Eunice smiled grimly. “I always say you have to carry on the best you can.”

“Well, enough of that! I’m here to help. You’ll do no more carryin’ on today. Did you know there’s a boy in your front yard?”

When the doorbell rang again that hour, it was a deliveryman, bearing the first of the condolence flowers.
Our deepest sympathies,
read the card, from an undertaker in DC.

“You see,” Eunice said to Cassandra. “I know how these things work.”

Cassandra experienced the rest of the morning as a steady stream of flower deliveries, phone calls from distant relatives who’d received Mary’s message, and visits from neighbors and business associates with food. The family awoke one by one and began moving about the house like automatons, drinking something, eating something, sitting in one chair, sitting in another. Elizabeth had been the next person up after Cassandra, and yet they’d found little time together. Too many other voices and bodies, and Kyle was always nearby.

Dorothy ran the kitchen, baking casseroles and organizing the delivered food on trivets all around the house. She was a proud widow; the first to come and the last to leave whenever another woman’s husband went under.

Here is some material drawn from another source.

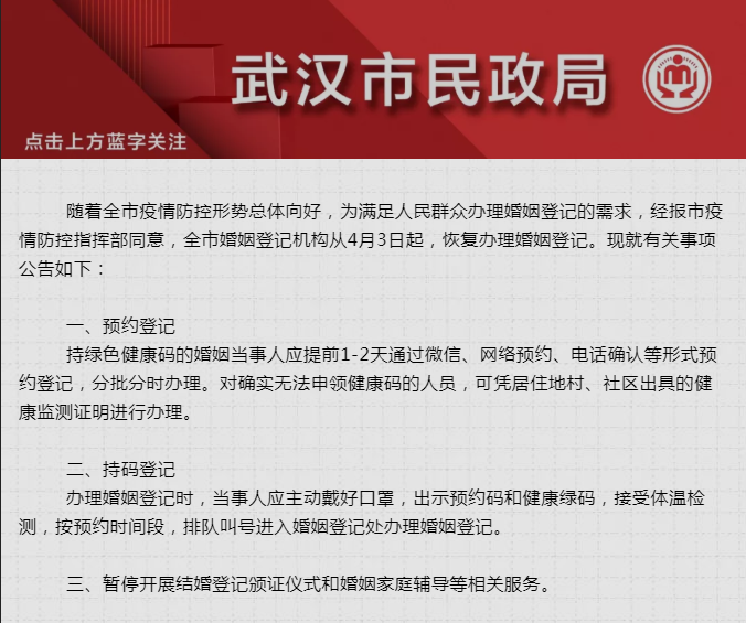据武汉市民政局消息,随着全市疫情防控形势总体向好,为满足人民群众办理婚姻登记的需求,经报市疫情防控指挥部同意,全市婚姻登记机构从4月3日起,恢复办理婚姻登记。详情>>

Meanwhile, Alvin Dao had arrived. It was supposed to have been a day off for him, and he had a family, but he was nothing if not a dedicated worker.

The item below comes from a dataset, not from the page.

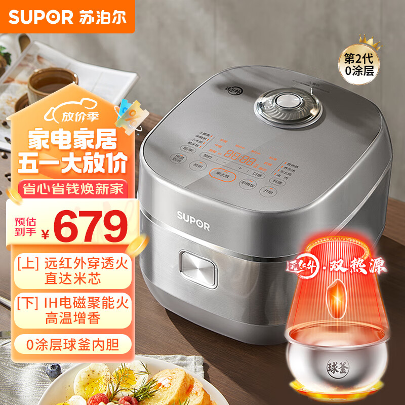 苏泊尔(SUPOR)电饭煲家用5-8个人0涂层电饭煲4L远红外球釜内胆 IH加热智能无涂层电饭煲SF40HC0988价格:648.00元!

“Alvin,” Cassandra cried when he came through the front door. They were alone in the hall; the voices of the rest of the household
crackled in other rooms. “Thank God you’re here.” She nearly hugged him.

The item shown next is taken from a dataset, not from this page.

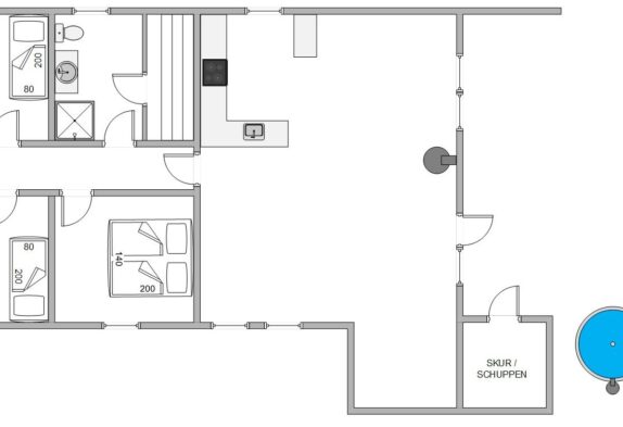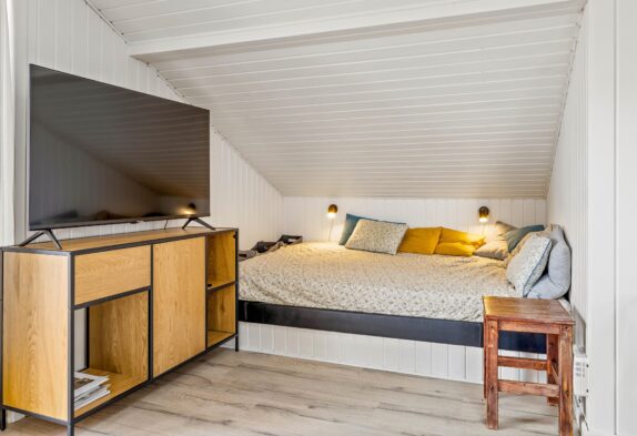 Tre gode soveværelser giver plads til 6 personer. Fra feriehusets badeværelse med bruseniche og gulvvarme er der adgang til sauna. Sommerhuset opvarmes blandt andet med en energibesparende varmepumpe.

“I wouldn’t usually come into the family home,” he said, blinking rapidly through small round spectacles. “But I wanted to pay my respects in the proper fashion.” He was a consummate undertaker, almost a parody of the profession: careful with the living, stiff as their dead. “Your father,” he continued, “would have wanted it this way.”

Cassandra nodded, her eyes watering, suddenly overcome with affection for the dour man who’d shared her father’s business interests for so many years. She looked at Alvin, tacitly begging him for information. His eyes blinked several more times, and in an uncharacteristic gesture, he clasped her hand in both of his. Then, after a curt nod, he released her and hurried into the kitchen like a messenger with urgent news to share. Several rooms away, Cassandra heard Eunice’s voice rise almost happily to receive his condolences, followed by a flattered mumble from Alvin himself. Cassandra had come to suspect that Alvin liked her parents more than he liked his own family. She thought of his solid, tidy wife and backpack-wearing school-aged boy, and felt sad.

The rest of the day, the Fabricants moved spastically through emotions and rooms. Eunice had always maintained that there was a hierarchy to grief: widow first, young grandchildren second. The children and older grandchildren who knew how to cope were last, expected to help with the planning and management of grief. It was a pecking order that Eunice, the Grande Dame of Grief Decorum, had developed assiduously over the years, promulgating it at every funeral she staged. This time—this one time—the hierarchy would focus on her.

Cassandra, Howie, and Mary were prevailed upon to decide where things should go, which calls should be answered, and who else should be notified of events. The most emotional of the three, Cassandra was the least equipped for such work. But she didn’t want to disappoint her more stoic siblings, who were counting on her assistance. Between accepting hugs from near-strangers, she
answered questions, took the phone, and tried to keep her mind focused on minutiae. Her eye sockets buzzed like lightbulbs, her body flew through space, numb and indefatigable. She had the sense that nothing could kill a person in grief.